======== RECORD EXTRACTS ========

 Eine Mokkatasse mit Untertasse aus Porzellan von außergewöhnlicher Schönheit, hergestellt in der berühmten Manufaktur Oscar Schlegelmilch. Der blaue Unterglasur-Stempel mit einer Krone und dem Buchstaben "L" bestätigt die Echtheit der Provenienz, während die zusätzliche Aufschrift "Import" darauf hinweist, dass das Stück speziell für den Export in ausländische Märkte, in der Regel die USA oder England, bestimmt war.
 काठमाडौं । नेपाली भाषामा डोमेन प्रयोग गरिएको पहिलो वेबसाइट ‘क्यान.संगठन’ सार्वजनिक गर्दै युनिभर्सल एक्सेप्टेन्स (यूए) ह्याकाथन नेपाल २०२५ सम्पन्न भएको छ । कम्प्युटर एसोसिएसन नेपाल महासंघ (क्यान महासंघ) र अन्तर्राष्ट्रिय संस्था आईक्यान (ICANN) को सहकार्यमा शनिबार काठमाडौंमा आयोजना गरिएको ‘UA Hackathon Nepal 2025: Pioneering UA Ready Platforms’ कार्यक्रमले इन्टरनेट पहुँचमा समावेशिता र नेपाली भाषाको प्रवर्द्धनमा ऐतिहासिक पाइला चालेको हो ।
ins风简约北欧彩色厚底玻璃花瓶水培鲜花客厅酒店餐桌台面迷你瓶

========
======== RECORD EXTRACTS ========

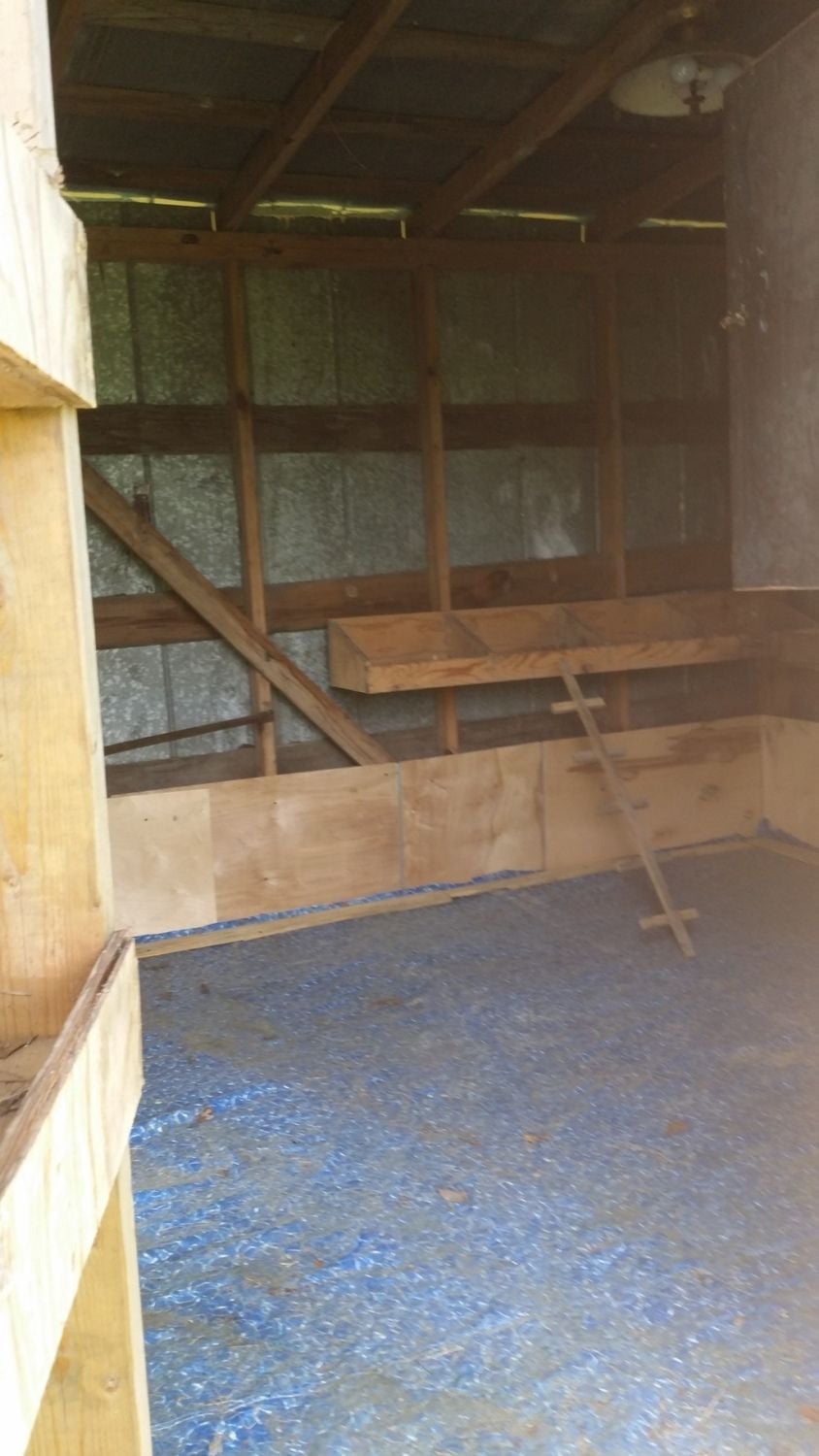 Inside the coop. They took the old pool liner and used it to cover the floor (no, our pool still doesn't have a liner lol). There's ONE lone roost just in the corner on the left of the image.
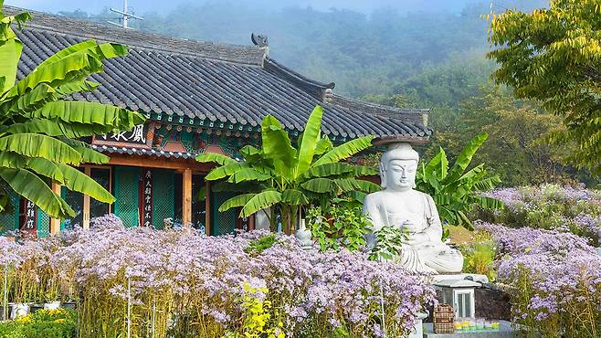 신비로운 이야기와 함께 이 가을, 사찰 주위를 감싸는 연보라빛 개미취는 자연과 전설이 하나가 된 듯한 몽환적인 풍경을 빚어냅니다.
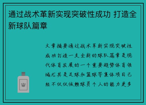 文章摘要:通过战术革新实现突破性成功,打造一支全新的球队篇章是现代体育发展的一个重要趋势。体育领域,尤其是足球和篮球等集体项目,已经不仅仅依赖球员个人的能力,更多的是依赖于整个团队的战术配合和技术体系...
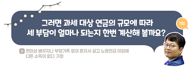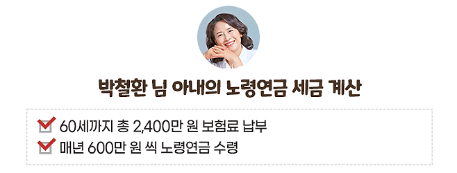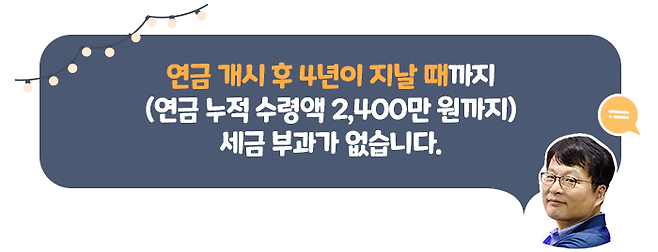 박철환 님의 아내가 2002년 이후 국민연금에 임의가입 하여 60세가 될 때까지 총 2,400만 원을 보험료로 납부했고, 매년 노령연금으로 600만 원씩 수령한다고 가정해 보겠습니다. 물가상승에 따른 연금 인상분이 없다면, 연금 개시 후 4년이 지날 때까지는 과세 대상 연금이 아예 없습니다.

========

WHAT NEEDS TO BE DONE — From the listing above, output exactly the run of lines that starts with the line containing "Eine Mokkatasse mit" and ends with the line containing "ins风简约北欧彩色厚底玻璃花瓶水培鲜花客厅酒店餐桌台面迷你瓶".

ANSWER BOX —
 Eine Mokkatasse mit Untertasse aus Porzellan von außergewöhnlicher Schönheit, hergestellt in der berühmten Manufaktur Oscar Schlegelmilch. Der blaue Unterglasur-Stempel mit einer Krone und dem Buchstaben "L" bestätigt die Echtheit der Provenienz, während die zusätzliche Aufschrift "Import" darauf hinweist, dass das Stück speziell für den Export in ausländische Märkte, in der Regel die USA oder England, bestimmt war.
 काठमाडौं । नेपाली भाषामा डोमेन प्रयोग गरिएको पहिलो वेबसाइट ‘क्यान.संगठन’ सार्वजनिक गर्दै युनिभर्सल एक्सेप्टेन्स (यूए) ह्याकाथन नेपाल २०२५ सम्पन्न भएको छ । कम्प्युटर एसोसिएसन नेपाल महासंघ (क्यान महासंघ) र अन्तर्राष्ट्रिय संस्था आईक्यान (ICANN) को सहकार्यमा शनिबार काठमाडौंमा आयोजना गरिएको ‘UA Hackathon Nepal 2025: Pioneering UA Ready Platforms’ कार्यक्रमले इन्टरनेट पहुँचमा समावेशिता र नेपाली भाषाको प्रवर्द्धनमा ऐतिहासिक पाइला चालेको हो ।
ins风简约北欧彩色厚底玻璃花瓶水培鲜花客厅酒店餐桌台面迷你瓶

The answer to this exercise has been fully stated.